Linkage disequilibrium (LD) filter
SNPs in LD with each other would be expected to show similar patterns of association if the signal is authentic whereas a single SNP in a LD block showing association is more likely to represent a spurious association. Therefore, our procedure automatically checks this condition and disregards the associations for SNPs that are not supported by positive associations with other SNPs in the same LD block. To this end, we used genotype data collected within the HapMap project to compute pairwise measures of LD for all consecutive pairs of SNPs in the HumanHap300 platform. The estimation of LD was based on a novel Bayesian version of D' that we introduced in [36]. As the traditional D', our Bayesian estimator is defined in the interval [0;1] regardless of the allele frequency so that it is easier to interpret than other measures of correlation like r2 but it is much less biased toward disequilibrium. We use a Bayesian D' > 0.7 between pairs of consecutive SNPs as suggestive of strong LD and we filter out all the associations of the SNPs whose adjacent SNPs that are in strong LD are not associated with the phenotype. The value 0.7 was chosen based on experiments reported in [36] showing that the Bayesian D' rarely exceeds 0.7 under no LD. The Bayesian D' values for each pair of consecutive SNPs were built for Caucasians using the DNA samples from unrelated parents of thirty trios of the CEPH (Utah residents with ancestry from northern and western Europe, also known as CEU) and similarly for Africans, using Yoruba in Ibadan Nigeria. These data are available from the supplementary material web site [28].

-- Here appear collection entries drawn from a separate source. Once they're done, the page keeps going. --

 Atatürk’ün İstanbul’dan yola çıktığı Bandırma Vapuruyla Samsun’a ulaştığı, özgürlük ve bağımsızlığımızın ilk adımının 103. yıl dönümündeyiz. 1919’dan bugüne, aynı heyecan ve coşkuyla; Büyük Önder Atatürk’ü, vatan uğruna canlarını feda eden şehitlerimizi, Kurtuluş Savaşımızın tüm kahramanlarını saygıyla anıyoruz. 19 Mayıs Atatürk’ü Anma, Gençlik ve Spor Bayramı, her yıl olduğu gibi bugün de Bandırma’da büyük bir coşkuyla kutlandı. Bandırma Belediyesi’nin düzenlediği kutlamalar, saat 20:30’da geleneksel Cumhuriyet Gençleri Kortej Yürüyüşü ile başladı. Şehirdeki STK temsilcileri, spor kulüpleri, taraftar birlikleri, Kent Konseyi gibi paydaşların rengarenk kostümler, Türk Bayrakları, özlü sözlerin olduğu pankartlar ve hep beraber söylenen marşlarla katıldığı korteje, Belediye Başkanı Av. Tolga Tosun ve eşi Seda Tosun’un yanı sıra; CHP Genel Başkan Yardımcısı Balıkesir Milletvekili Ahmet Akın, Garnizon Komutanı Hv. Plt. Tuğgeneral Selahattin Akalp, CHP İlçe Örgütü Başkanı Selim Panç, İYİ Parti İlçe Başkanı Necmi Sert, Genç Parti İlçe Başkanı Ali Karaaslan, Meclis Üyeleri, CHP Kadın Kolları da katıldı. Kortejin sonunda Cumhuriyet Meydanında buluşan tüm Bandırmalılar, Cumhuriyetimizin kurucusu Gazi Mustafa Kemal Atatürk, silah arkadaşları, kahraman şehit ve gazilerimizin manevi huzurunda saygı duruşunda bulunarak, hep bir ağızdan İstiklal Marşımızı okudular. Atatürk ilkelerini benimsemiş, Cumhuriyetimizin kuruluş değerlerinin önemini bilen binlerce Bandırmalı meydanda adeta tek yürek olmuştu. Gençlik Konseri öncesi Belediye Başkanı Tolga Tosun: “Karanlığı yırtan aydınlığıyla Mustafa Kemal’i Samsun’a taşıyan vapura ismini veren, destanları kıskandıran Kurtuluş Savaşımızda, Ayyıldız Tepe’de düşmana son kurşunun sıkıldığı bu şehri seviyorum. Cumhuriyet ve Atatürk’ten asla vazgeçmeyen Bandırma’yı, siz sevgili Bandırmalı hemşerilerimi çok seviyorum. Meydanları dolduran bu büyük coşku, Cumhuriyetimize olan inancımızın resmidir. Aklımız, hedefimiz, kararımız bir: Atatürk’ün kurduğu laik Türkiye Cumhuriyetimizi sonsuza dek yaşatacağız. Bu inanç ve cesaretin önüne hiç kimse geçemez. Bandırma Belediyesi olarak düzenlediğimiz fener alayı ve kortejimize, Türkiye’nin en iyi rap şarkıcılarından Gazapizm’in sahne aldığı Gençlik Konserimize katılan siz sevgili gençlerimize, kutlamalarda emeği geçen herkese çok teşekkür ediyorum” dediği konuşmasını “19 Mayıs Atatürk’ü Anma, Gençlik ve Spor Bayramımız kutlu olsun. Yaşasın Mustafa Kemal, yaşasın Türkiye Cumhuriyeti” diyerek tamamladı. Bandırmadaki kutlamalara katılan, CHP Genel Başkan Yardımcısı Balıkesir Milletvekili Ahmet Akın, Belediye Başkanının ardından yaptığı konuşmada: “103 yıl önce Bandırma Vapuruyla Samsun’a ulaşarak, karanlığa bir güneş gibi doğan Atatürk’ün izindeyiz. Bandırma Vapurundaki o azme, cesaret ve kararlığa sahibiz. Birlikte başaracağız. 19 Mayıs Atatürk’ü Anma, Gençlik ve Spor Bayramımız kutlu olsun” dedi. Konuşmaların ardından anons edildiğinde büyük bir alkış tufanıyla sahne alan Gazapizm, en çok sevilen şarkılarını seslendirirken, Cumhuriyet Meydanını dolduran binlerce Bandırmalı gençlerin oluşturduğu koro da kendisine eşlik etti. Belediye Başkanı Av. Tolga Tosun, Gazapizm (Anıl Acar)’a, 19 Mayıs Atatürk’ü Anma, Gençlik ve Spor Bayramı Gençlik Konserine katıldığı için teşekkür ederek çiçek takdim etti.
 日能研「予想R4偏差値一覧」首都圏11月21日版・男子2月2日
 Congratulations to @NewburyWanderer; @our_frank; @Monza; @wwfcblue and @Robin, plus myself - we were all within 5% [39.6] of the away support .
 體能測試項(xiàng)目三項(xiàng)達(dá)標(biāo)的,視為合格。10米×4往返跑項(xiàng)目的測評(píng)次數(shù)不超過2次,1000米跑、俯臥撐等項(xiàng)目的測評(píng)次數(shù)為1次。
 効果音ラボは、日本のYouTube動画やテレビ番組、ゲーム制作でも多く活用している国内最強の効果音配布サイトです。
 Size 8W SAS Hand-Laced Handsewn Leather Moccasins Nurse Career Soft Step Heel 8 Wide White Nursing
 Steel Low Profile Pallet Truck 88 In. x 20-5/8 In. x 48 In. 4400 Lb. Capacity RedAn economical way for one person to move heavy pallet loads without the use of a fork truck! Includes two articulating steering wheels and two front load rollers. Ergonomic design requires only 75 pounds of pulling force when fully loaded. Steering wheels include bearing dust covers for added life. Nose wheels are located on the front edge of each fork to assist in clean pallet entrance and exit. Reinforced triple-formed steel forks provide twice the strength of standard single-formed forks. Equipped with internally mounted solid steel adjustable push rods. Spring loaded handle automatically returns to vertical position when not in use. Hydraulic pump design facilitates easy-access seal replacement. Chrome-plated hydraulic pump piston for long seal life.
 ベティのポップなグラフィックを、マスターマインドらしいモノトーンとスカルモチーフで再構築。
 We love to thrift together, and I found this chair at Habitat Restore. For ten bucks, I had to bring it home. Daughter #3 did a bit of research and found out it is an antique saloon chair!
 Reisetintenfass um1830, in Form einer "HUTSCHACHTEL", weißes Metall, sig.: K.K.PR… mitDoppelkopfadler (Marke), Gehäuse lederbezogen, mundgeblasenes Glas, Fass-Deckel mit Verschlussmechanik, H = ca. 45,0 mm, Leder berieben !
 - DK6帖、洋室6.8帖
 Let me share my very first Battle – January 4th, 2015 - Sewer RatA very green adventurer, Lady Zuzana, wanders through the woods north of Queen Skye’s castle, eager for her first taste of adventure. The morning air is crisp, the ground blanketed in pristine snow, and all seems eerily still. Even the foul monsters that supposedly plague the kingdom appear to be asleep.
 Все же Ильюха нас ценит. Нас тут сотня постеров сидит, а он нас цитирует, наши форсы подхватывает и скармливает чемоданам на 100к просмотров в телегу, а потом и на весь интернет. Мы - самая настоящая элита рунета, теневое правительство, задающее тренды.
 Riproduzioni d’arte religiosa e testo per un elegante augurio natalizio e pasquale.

Regional association filter
The rationale of this filter is that a region or gene showing authentic association would be expected to show a greater number of SNPs associated than would be expected by chance. In this filter, we analyze the data using a sliding window of 20 SNPs, and summarize the global measure of association within the window as the product of the posterior probabilities of associations of the 20 SNPs. Here, we assume that the association tests are independent, so that the product of the posterior probability of association of the individual SNPs becomes a measure of the global association of the region tagged by the 20 SNPs. Windows with a global measure of association exceeding 0.5 [or product of BFs >1] are then selected for further inspection. Although LD between SNPs in a window may introduce dependencies, the global measure of association does not seem to be affected by this approximation. Figure 5 shows some examples.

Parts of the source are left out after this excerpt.